With three major browsers (I'll count Opera here, to be nice) striving for standards-compliance, we can be sure that we have a diverse gene pool. See, I'm not a zealot for any browser (I use Safari, but I generally have FF running too). Instead, I want strong standards-compliance across the board, so we can all use the browser we like best. The web is the API of the decade (and will be more-so as move further toward XML). If you don't believe that, just look at Google (gmail, Google Maps, etc.). If we have many browsers that work, the web platform is stronger and a better experience for all. The security comes through attention to detail, not getting carried away (ActiveX?), and a diverse browser population.

Are we shooting ourselves in the foot? Far from it.

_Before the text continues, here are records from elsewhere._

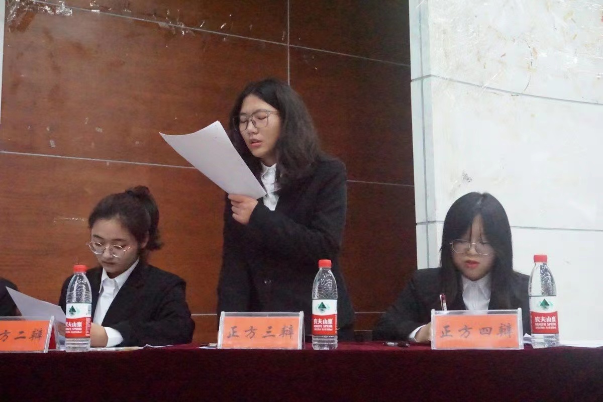 首先,团委书记程成为本场辩论赛决赛致辞。她强调,辩论赛为同学们提供了展示智慧的舞台,希望辩手们能将辩论的思辨精神贯彻到学习生活中去,以广博的知识与精妙的技巧展示辩论赛的艺术与美感,将辩论赛办出质量,办出风采。最后,团委书记程成预祝本场辩论赛决赛圆满落幕。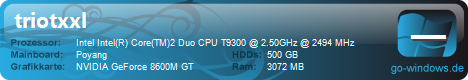 · | ACER Aspire (von Bulette) | | CPU: | Intel Mobile Core 2 Duo T7700 | | RAM: | NVIDIA GeForce 8600M GT | | Grafikkarte: | 2048 MB | | · | Acer Aspire 5920 (von cyarro) | | CPU: | Intel Intel(R) Core(TM)2 Duo CPU T9300 @ 2.50GHz | | RAM: | NVIDIA GeForce 8600M GT | | Grafikkarte: | 2048 MB | | | · | Acer (von myboo) | | CPU: | Intel Intel(R) Core(TM)2 Duo CPU T7700 @ 2.40GHz | | RAM: | NVIDIA GeForce 8600M GT | | Grafikkarte: | 4096 MB | | | ·· | Dell Inspiron 1720 (von cupra82) | | CPU: | Intel Intel(R) Core(TM)2 Duo CPU T9300 @ 2.50GHz | | RAM: | NVIDIA GeForce 8600M GT | | Grafikkarte: | 4096 MB | | | · | 7720G (von ZINO5) | | CPU: | Intel Intel(R) Core(TM)2 Duo CPU T7700 @ 2.40GHz | | RAM: | NVIDIA GeForce 8600M GT | | Grafikkarte: | 4096 MB | | | · | Mein Laptop (von Scarface79) | | CPU: | Intel Mobile Core 2 Duo T7700 | | RAM: | NVIDIA GeForce 8600M GT | | Grafikkarte: | 2048 MB | | | · | MicroCube (von tripex) | | CPU: | Intel Mobile C2Duo T5800 | | RAM: | NVIDIA GeForce 8600M GT | | Grafikkarte: | 4096 MB | | |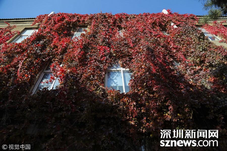 深圳新聞網(wǎng)訊 2017年10月21日,沈陽,懷遠(yuǎn)樓北側(cè)的墻面也是被爬墻虎所覆蓋,由于陽光很少能照射到植被,所以爬墻虎大都還是綠色。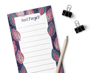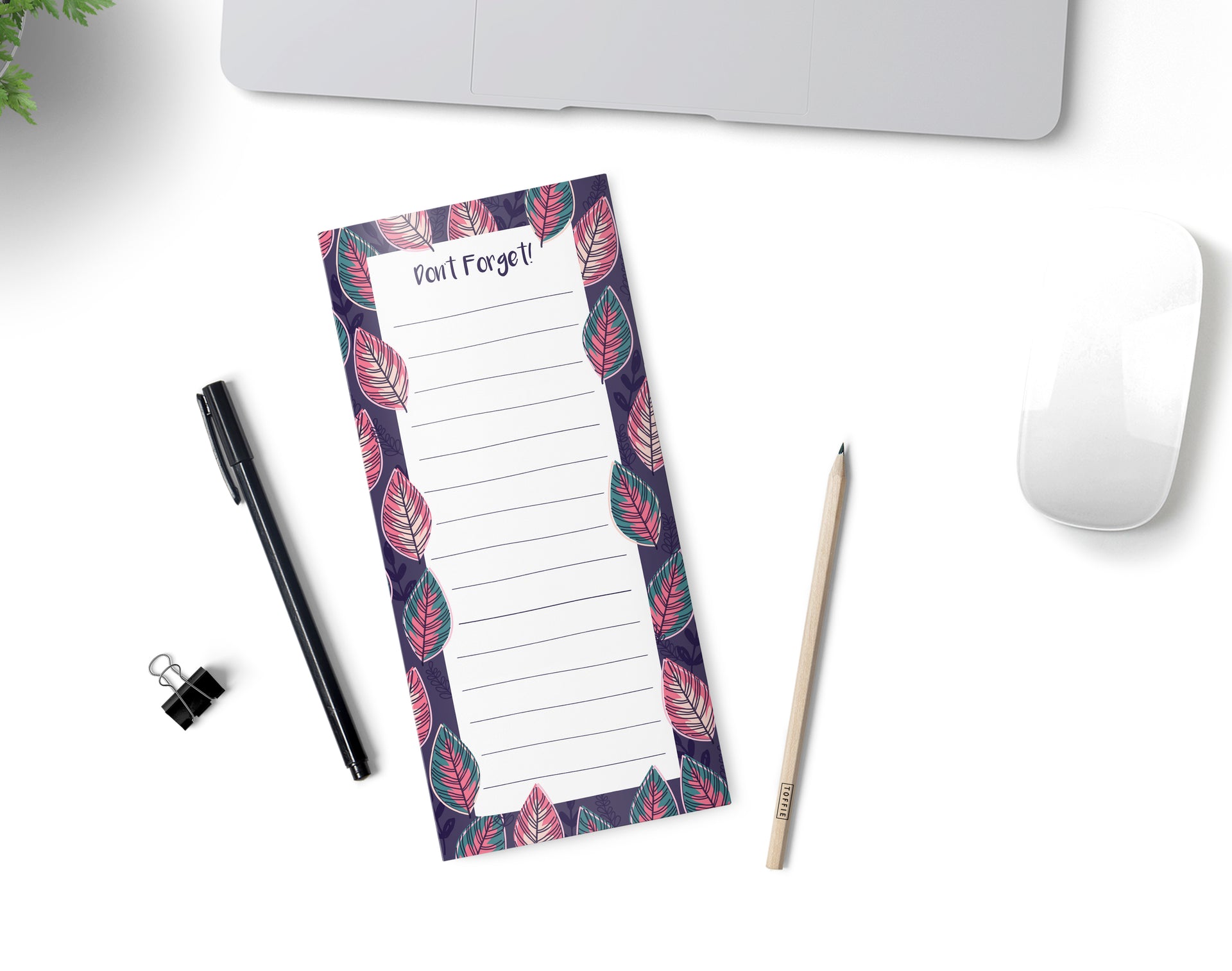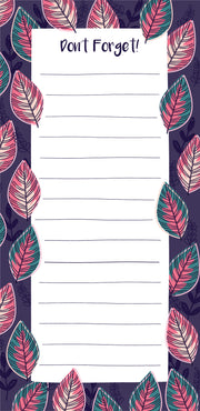 This design features tropical rubber plant leaves in a vibrant pink and deep turquoise around the border and hand drawn lines for keeping your list on!

We're giving ourselves more legs, and we'll be much sturdier as a result.

2 Comments:

At 1:22 PM, Anonymous Anonymous said...

"Opera doesn't count because it wasn't totally free"
That's unfair. IE is not totally free either. It requires you to buy operating system that it comes with. No commercial OS, no IE. What does it change that there is a public, but otherwise useless download?

 
At 1:48 PM, Blogger Daniel said...

Anonymous,

I'll agree that I'm being too hard on Opera, but I disagree with your thoughts.

1. You forget IE/Mac which is the best worst browser out there.

2. IE and Safari are both non-free (if you include the OS) but they are because you aren't locked in. You can use IE on Mac, FireFox on Windows, etc. In your argument, only free browsers on free OS (Konqeror on Linux) count. But I really don't think you can tie these together. I didn't buy a Mac because of a browser. I will use the best free browser on my mac. Your OS certainly limits the options, but there is no reason IE on Linux or Safari on Windows isn't possible.

2.a. Saying IE isn't free is like saying network TV broadcasts aren't free because you need to buy a TV.

3. Does IE run on Wine? I don't know, but if so it hurts your argument even more.

4. There is a free version of Opera (with ads) available. My original point about Opera not being free is that (IMHO) it will never be competitive as FF or IE because it is crippled. Opera is a great browser. So is OmniWeb (the old, non WebKit versions - now it is more of a different version of Safari, I'm only talking about rendering engines - in the same way FF, and Camino are just different versions of Gecko). But free browsers will always have the upper hand.

5. Your argument is essentially the free speech vs. beer argument. I was talking beer, you're talking speech.